In its third episode, “Articles of Incorporation,” Silicon Valley continued to explore every step of the startup process. As the series has shown, almost all aspects are ripe for satire. “Articles of Incorporation” also deftly continued the process not only of Richard learning and developing as the head of his business, but deepening the relationships among the central characters, giving them both believable and comically absurd facets. Hit the jump for why “small is the new big!”
There could not have been a more perfect way to kick off an episode of Silicon Valley than to have Gavin Belson in a ridiculous video touting the Nucleus project, ending with: “if we can make your audio and video files smaller, we can make cancer smaller. And hunger. And AIDS.” Gavin may be the broadest and most ridiculous of all the characters so far on the show (yes, including Erlich), because he’s so many parodies rolled into one. Less is more, though, (“small is the new big!”) and the show knows how to pepper Gavin in just enough to give rise to the absurdities of that tech haven, but not to go too far.
That’s a hard thing to suggest — that is, that the show doesn’t go too far — when later in the episode Erlich went on a vision quest in the desert, where tech logos grew out of cacti, and rained upon him until he was reduced to the fetal position, repeating “make the world a better place” over and over again in a waking nightmare of corporate tech speak (later still, we learned he smeared Richard’s name and phone number on a bathroom wall in shit).
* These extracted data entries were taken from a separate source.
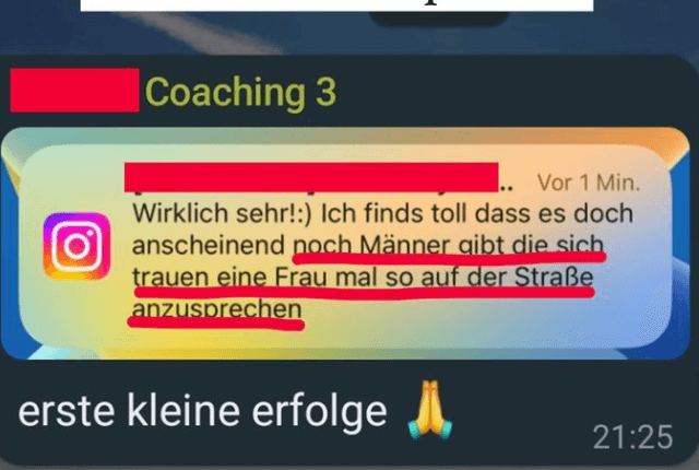 Durch unser großes Coaching-Team von 6 Coaches bieten wird eine Rundumbetreuung. Jeder Coach hat sein Fachgebiet im Dating über Onlinedating, Frauen im Alltag oder beim Feiern ansprechen, mit Frauen schreiben, Style verbessern, maskuliner auftreten etc. Jeder Kunde wird individuell 1:1 betreut, zusätzlich hat er die Möglichkeit, an Livecoachings (in Person) teilzunehmen, seine Blockaden von unserem Mindsetcoach lösen zu lassen, Zugang zu einem umfangreichen Videotraining und hat Zugang zu unserer riesigen Community, um sich mit anderen Männern, die auch an sich arbeiten, zu vernetzen (In Deutschland/Österreich/Schweiz).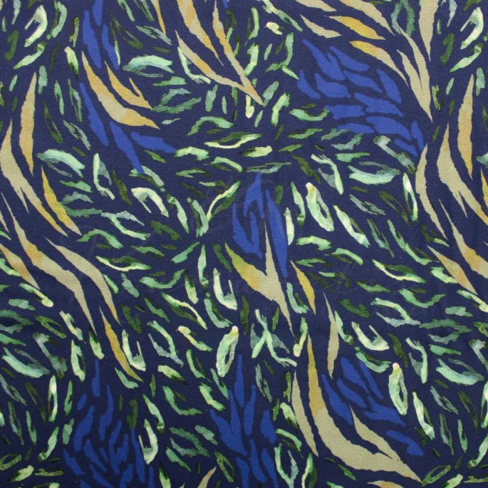 Color/Pattern:Deep blue background with an irregular seaweed pattern in blue. green. yellow. and white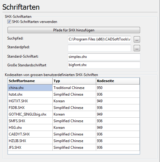 Die Registerkarte enthält Einstellungen, die SHX-Schriftarten in der Zeichnungen zu benutzen erlauben. Die Suchpfade werden eingegeben.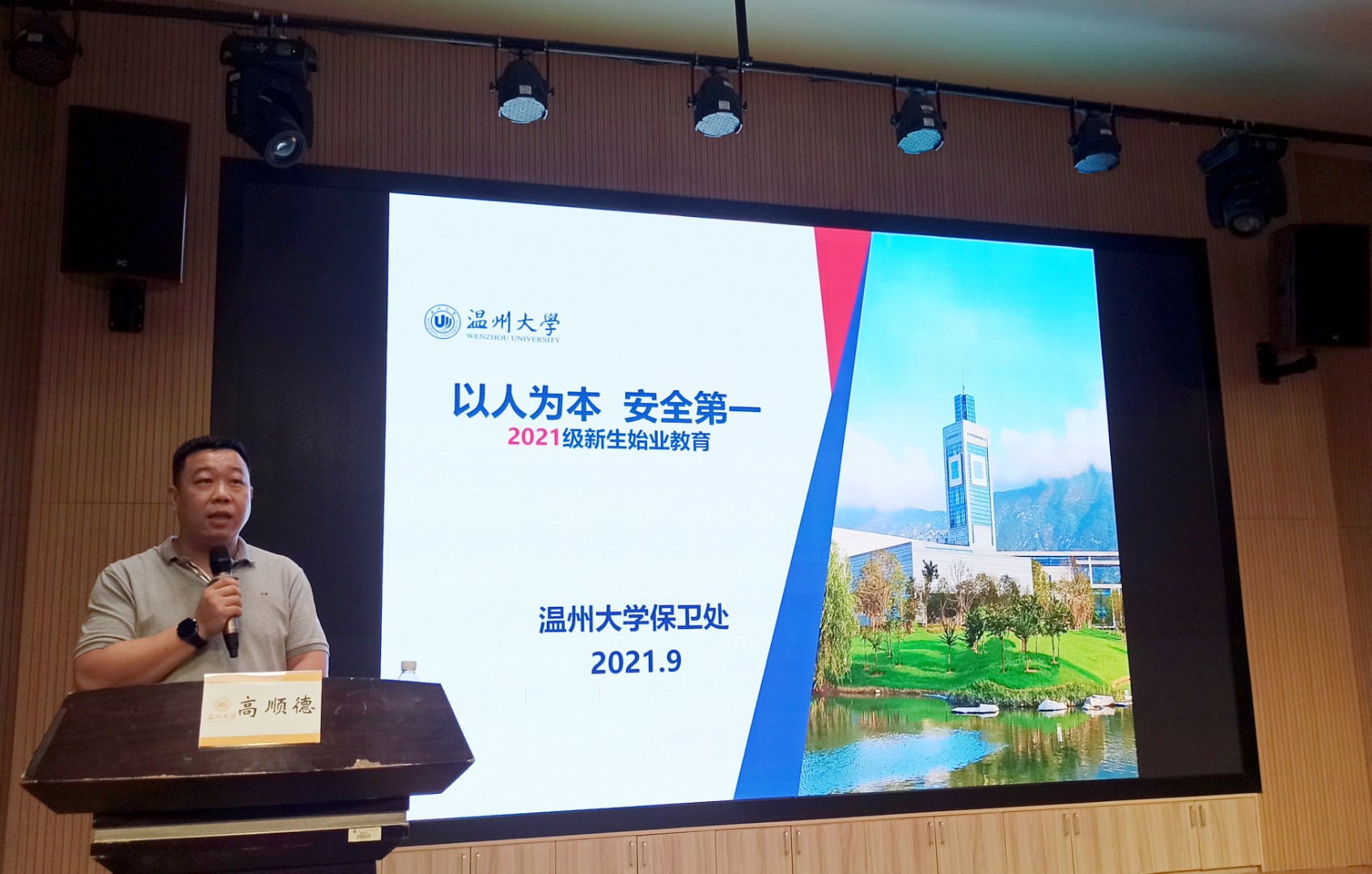 为了提高学生的遵纪守法意识、安全防范意识,学院开展安全教育活动。邀请温州大学保卫处高顺德老师给2021进行“以人为本,安全第一”专题讲座,由学院学工办主任林丽丽老师讲解《温州大学学生手册》中有关学生的管理规定。

As ridiculous and funny as Erlich is though, making him remain too over the top will eventually ruin his role, because understatement is what the show does best. The series’ brilliance comes from its layered jokes and density of material. The visual gag of the t-shirts Richard bought was augmented by everyone’s quips about it, but that all led into Richard’s defensive stance about the name of the company. It was a joke that was laced throughout the episode, but also served as its narrative crux: in the end, Richard got the name he wanted, and negotiated (kinda) his way into what he had originally agreed upon for its cost.
Other jokes like Dinesh’s comments about Gilfoyle’s illegal status weren’t just one-offs, but a repartee that continued throughout the episode, and even provided further insight into those characters. Jared also got a few more opportunities to share his arsenal of bizarre facts, including the personal fact that his name is actual Donald. His seemingly throwaway line about saying your name so your attacker has to humanize you came back though when the housemates prepared to defend themselves against the original Pied Piper owner. So far, every episode of Silicon Valley has been insular and self-reflective to a huge degree — it makes the show that much more satisfying.
The real scene-stealer though continues to be Christopher Evan Welch as Peter Gregory, with his fascinations about Burger King, sesame seeds, and cicadas. He showed why he’s brilliant and rich, yet also socially inept and somewhat childlike. The way Welch plays him, and delivers those strange lines, is both hilarious and mesmerizing. The tragic flip side to this is that Welch died from lung cancer halfway through filming. I’m not sure which episode will be his last, but savor him while you can. Silicon Valley teaches us that every small trial and triumph deserves to be noted, and Welch’s turn as Peter Gregory is one of the greatest small roles I can remember. Small is the new big.
Episode Rating: A-
Musings and Miscellanea:
— “It looks like a guy sucking a dick, and then he has another dick behind his ear for later” – Dinesh.
— Despite Jared’s real name being Donald, I will keep calling him Jared. I also loved how he switched names halfway through his defensive repetition.
— Thomas Middleditch is just perfect in the way he plays Richard. He’s so awkward and vulnerable and likable, but there’s a little backbone there (which is always tempers with slightly spastic behavior).
— My only complaint with the show is not necessarily just a lack of women, but that the women (Read: one woman, Monica), has almost nothing to do. Hopefully her role will be expanded somehow moving forward, especially comedically (but for now, she has to play it straight next to Peter Gregory, because he’s so crazy).
— The dialogue on the show is so good, like the conversation between Dinesh and Richard about how Richard is not a negotiator: the outcome of their discussion proved the point (as Richard conceded, “Ok, well, I’m a decent negotiator).
— “Smiler is also something guys call women’s assholes” – Dinesh.
— The guy who played Jaime, currently (and probably soon formerly) of Bevmo, did such a great job of showing his total emotional collapse when he found out Richard was actually broke.
— Oh my dear lord, the ending where Erlich had stolen that child and said it was him reincarnated in the same time … I lost it.
— “Hitler played the bassoon, so technically, Hitler is the Hitler of music” – Jared.